Right to Fight Back
By Maxwell Pereira
maxpk@vsnl.com

The right of self-defence is something we have believed in as enshrined in our Constitution, and confirmed by our Criminal Justice Administration System. In fact in Delhi, the police department has been encouraging citizens to be conscious of safety requirements to protect themselves and to protect their own including their homes. Each time a brave one exhibits courage to stand up to an intruder, a night burglar or a robber, the police recognize their initiative, presence of mind and courage to confront or help apprehend the anti-social, by rewarding the individual - as an example for others to emulate.

But this 'right of self defence' is currently a matter of major debate in England, whose very people helped us write and codify our present laws.
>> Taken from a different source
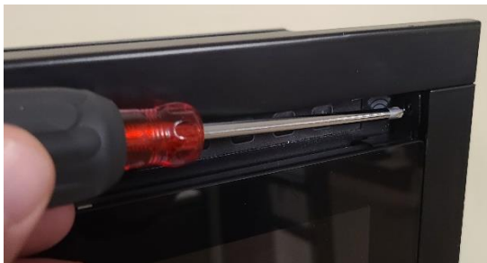
Remove Right Glass Screw

A recent Sunday edition of The Telegraph reports that over ten thousand of its readers have demanded the right to defend their homes, sharing harrowing stories and experiences of their own. 'Why should the victims be reasonable?' …screams a headline, whose readers want their Prime Minister to change the law to give householders the unqualified right to use force against intruders. By implication, one concludes there is a bias in the existing law and/or its application, in favour of the intruder!

In a particular burglary in Okenhampton the householder faced arrest for causing grievous bodily harm after lashing out at an intruding burglar at night and breaking his leg, because the burglar had not actually removed any property except a quantity of banknotes which he, the householder, could not prove were his! Even though the case got thrown out of court on a technicality, the memory of how close he was to a period of incarceration merely for defending what was his own still haunts the house owner.
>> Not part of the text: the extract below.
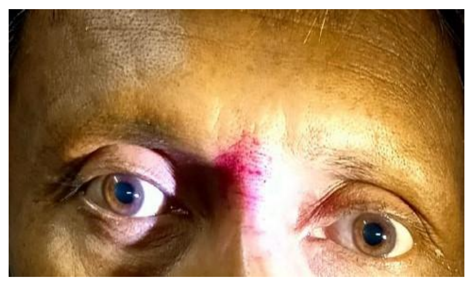
Mid Dilated Non Reactive Pupils in Right Eye and Left Eye

After 3 months visual acuity improved to counting fingers 4metres in RE and counting fingers 3 metres in LE.

Another from Essex, a retired detective of the Metropolitan Police, wails in anguish how he was arrested and charged for assault after he caught some teenagers tearing down trees in his garden for a bonfire behind his wooden shed, merely for holding one of the boys by his wrist.

A third explains how the usual niceties of society stand suspended when one is suddenly brought face-to-face with violent individuals with criminal intent. "Why on earth should it be incumbent upon victims of crime to behave reasonably in the face of wholly unreasonable circumstances?" asks another from Bedfordshire. '"The United States has got it right" he states, "if someone comes into a home uninvited, they do so at their peril and not at the homeowner's". He accuses the lawmakers in the UK of being 'so obtuse' as to be practically offering the burglar immunity by putting the onus on the victim.

A widow in her eighties from Kent writes that she is appalled and sickened by the pictures of old ladies who have been burgled, beaten up and in some cases, murdered. Not wanting to invite such fate for herself, she unequivocally declares about keeping a weapon in her bedroom. For yet another in Warwickshire, "It is an absolute disgrace for hard-working folk to suffer the indignation of an arrest for defending their lifetime's possessions while being removed by some half-wit who can't be bothered to find a job". For her the government would have more credibility if it spent as much time tackling crime as it did debating whether some men and women in red coats on horses should pursue a fox!

From Wiltshire writes another that as long ago as the time of the 1689 Bill of Rights, it was recognized that a contract between citizen and state whereby the state would protect the citizen from personal assault at all times, was impossible to honour. That the situation now is no different.

Attempting to sum up public reaction is one from Suffolk who is eager to hear arguments against the proposition. He observes amidst a great deal of name-calling, the defeatist argument that the proposed measures will cause criminals to be more violent - a counsel of despair - and fanciful speculations about householders arming themselves. And he notes the lofty condescension of the 'liberal elite' that the law is perfectly adequate.

Blaming the opposition for fanning the campaign for their own selfish ends, an MP from the ruling party however reasserts two basic principles: That in the public domain people should be expected to go about their business without being arbitrarily attacked by anyone else; and that this stance should not operate within one's home. If people violate the privacy of one's home, then their right to expect protection from the law is negated by their own very act.

Interestingly, it is a long-retired police officer joining the fray, who tells how far a person could go to protect his home. He points out that Common Law has always supported the principle that one could not retreat further than the bounds of one's home. To Victorian legislators the protection of the dwelling and its occupants was paramount, particularly in respect of the nighttime offence of burglary. He clarifies that Section 31 of the Offences against the Person Act 1861, made it an offence to set any spring-gun, 'man-trap' or other 'engine', with intent to inflict grievous bodily harm, except when set or placed from sunset to sunrise, in a dwelling house for the protection thereof. He hoped that the current debate would result in some Victorian attitudes being adopted, leaving burglars and the like in no doubt about the serious consequences of their actions.